Last week, SEC Chair Mary Jo White delivered a speech titled “The Importance of Independence” at Fordham Law School.
White’s speech was spot-on in terms of her discomfort of Congress and others seeking to effectuate social policy or political change through use of the SEC’s powers of mandatory disclosure. White stated:
“When disclosure gets to be too much or strays from its core purpose, it can lead to ‘information overload’ – a phenomenon in which ever increasing amounts of disclosure make it difficult for investors to focus on the information that is material and most relevant to their decision-making as investors in our financial markets. To safeguard the benefits of this ‘signature mandate,’ the SEC needs to maintain the ability to exercise its own independent judgment and expertise when deciding whether and how best to impose new disclosure requirements. For, it is the SEC that is best able to shape disclosure rules consistent with the federal securities laws and its core mission. But from time to time, the SEC is directed by Congress or asked by interest groups to issue rules requiring disclosure that does not fit within our core mission.”
[As an aside, although not mentioned in White’s speech, this is exactly what happened with the SEC in terms of the FCPA. As detailed in the “Story of the Foreign Corrupt Practices Act,” the SEC wanted no part in enforcing the FCPA’s anti-bribery provisions as it viewed such enforcement beyond its core mission. However, Congressional leaders – most notably Senator William Proxmire – insisted largely because in the post-Watergate environment the DOJ was not viewed as sufficiently independent.]
Speaking of the Dodd-Frank Act, White stated:
“But other mandates [in Dodd-Frank], which invoke the Commission’s mandatory disclosure powers, seem more directed at exerting societal pressure on companies to change behavior, rather than to disclose financial information that primarily informs investment decisions. That is not to say that the goals of such mandates are not laudable. Indeed, most are. […] But, as the Chair of the SEC, I must question, as a policy matter, using the federal securities laws and the SEC’s powers of mandatory disclosure to accomplish these goals.”
(See here for the prior post – days after Congress passed Dodd-Frank in 2010 – noting that Section 1504 of Dodd-Frank “Disclosure of Payments by Resource Extraction Issuers” did not represent sound policy for the same reasons White identified above).
The final portion of White’s speech concerned “Judicial Involvement.” She stated as follows.
“I should not conclude this talk about the importance of independence without mentioning our third branch of government – the judiciary. When I urge the courts to defer to the SEC’s independence and expertise, I am really only making the point that separation of powers requires each of us to respect and stay in our respective lanes.

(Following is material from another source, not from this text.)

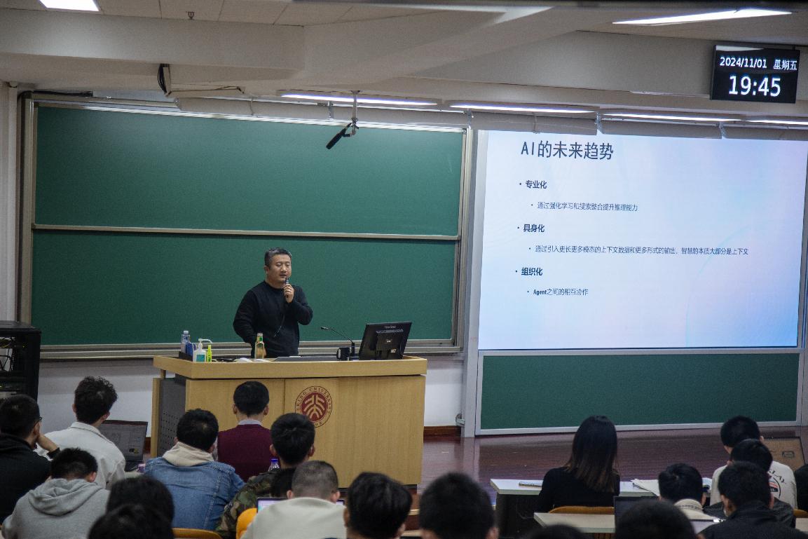 在现场提问环节,同学们踊跃发言。当被问及AI心理咨询师的安全问题时,任永亮先生从服务安全和数据安全两个方面做出了回答。在服务安全方面,人类心理咨询师自身的情绪和需求可能会影响他们的服务质量,而人工智能提供的心理服务具有可控性和一致性,拥有更稳定的服务质量;在数据安全方面,随着算力的进步,仅在用户端侧的大模型部署将成为可能,从而实现在无需外部服务器的情况下运行复杂的心理咨询模型,保证数据的隐私性。

We recognize that, under the law, a court can review a settlement. But a court that reviews a settlement that a law enforcement agency like ours enters with a defendant has a more limited task. It is unlike a court’s wide-ranging inquiry into the merits of a class-action settlement, for example. A court reviewing a consent judgment in one of our cases has a narrower focus – making sure that the settlement is not ambiguous and that it does not affirmatively harm third parties or impose an undue burden on the court’s own resources.”
By requesting the judiciary to stay in its “respective lane,” White misses the point – sticking with the traffic analogy – that the SEC is driving a different car in an enforcement action compared to its typical regulator car. As the Supreme Court recently unanimously recognized in the Gabelli decision (see here for the prior post), “in a civil penalty action, the [SEC] is not only a different kind of plaintiff, it seeks a different kind of relief.”
As noted in this prior guest post, Gabelli is “an encouraging sign that the justices may be ready, willing, and able to take on other troubling issues that arise as federal law enforcement agencies continue to blur the lines between traditional criminal prosecution and increasingly punitive “civil” prosecution.”
In another speech last week, this article quotes White as follows.
“I realized just how much leverage the SEC has,” Ms. White said, speaking at the Women, Influence & Power in Law summit in Washington. Many public companies would sooner acquiesce to a demand for an admission than engage in a long-running dispute with the agency, she suggested. “You don’t want to be at war with your main regulator,” she added, saying the policy shift takes advantage of “perhaps more leverage than the SEC realized that it has.”
Spot-on and given that the SEC has acknowledged in litigation that an SEC settlement “do[es] not necessarily reflect the triumph of one party’s position over the other” (see “The Facade of FCPA Enforcement” for a more extensive discussion), White’s comments are hardly surprising.
Yet they do highlight why it is not wise policy to link whistleblower awards to SEC settlements (see here for the prior post) or suggest that SEC FCPA settlement money ought to be paid out to alleged “victims” (see here for the prior post).